TASK PROMPT
Figure out how many lines in these records contain "with". Only the number belongs in the reply.

DATA TO USE
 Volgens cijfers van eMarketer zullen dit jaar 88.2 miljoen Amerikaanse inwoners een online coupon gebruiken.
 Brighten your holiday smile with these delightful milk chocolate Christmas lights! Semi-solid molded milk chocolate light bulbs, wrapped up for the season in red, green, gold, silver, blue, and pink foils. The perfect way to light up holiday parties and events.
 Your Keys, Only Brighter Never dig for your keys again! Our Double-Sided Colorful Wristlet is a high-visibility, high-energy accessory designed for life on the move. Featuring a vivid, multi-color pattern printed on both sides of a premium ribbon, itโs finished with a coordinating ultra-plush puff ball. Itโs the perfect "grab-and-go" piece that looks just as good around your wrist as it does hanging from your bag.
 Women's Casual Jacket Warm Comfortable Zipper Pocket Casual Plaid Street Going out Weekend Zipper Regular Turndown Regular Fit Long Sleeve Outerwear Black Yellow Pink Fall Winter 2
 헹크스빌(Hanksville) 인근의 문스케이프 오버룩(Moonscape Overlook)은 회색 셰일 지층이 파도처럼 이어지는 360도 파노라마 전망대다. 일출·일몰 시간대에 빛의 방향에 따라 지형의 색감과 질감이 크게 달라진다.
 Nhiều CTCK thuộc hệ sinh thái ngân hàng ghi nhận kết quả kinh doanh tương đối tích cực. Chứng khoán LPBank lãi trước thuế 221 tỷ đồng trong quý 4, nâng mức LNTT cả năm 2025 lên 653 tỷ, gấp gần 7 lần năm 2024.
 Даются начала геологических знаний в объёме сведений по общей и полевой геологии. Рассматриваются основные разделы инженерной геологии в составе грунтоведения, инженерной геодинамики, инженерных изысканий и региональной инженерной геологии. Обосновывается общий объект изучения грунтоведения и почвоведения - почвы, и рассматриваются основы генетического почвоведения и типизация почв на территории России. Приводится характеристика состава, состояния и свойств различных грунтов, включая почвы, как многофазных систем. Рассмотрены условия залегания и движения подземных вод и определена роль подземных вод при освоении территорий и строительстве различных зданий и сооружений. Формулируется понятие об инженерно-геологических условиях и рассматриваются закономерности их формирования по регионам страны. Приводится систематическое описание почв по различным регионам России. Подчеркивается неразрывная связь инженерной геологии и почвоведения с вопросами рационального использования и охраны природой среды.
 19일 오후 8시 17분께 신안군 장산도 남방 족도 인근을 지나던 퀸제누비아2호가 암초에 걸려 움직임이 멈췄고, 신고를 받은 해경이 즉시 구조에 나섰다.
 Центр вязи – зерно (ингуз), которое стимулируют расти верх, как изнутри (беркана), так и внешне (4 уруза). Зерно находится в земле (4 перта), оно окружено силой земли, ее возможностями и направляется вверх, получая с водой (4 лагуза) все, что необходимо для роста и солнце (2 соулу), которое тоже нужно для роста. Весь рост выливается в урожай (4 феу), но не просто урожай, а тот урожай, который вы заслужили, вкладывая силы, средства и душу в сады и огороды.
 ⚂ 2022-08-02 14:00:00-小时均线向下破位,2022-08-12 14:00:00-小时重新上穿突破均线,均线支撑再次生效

RESULT
2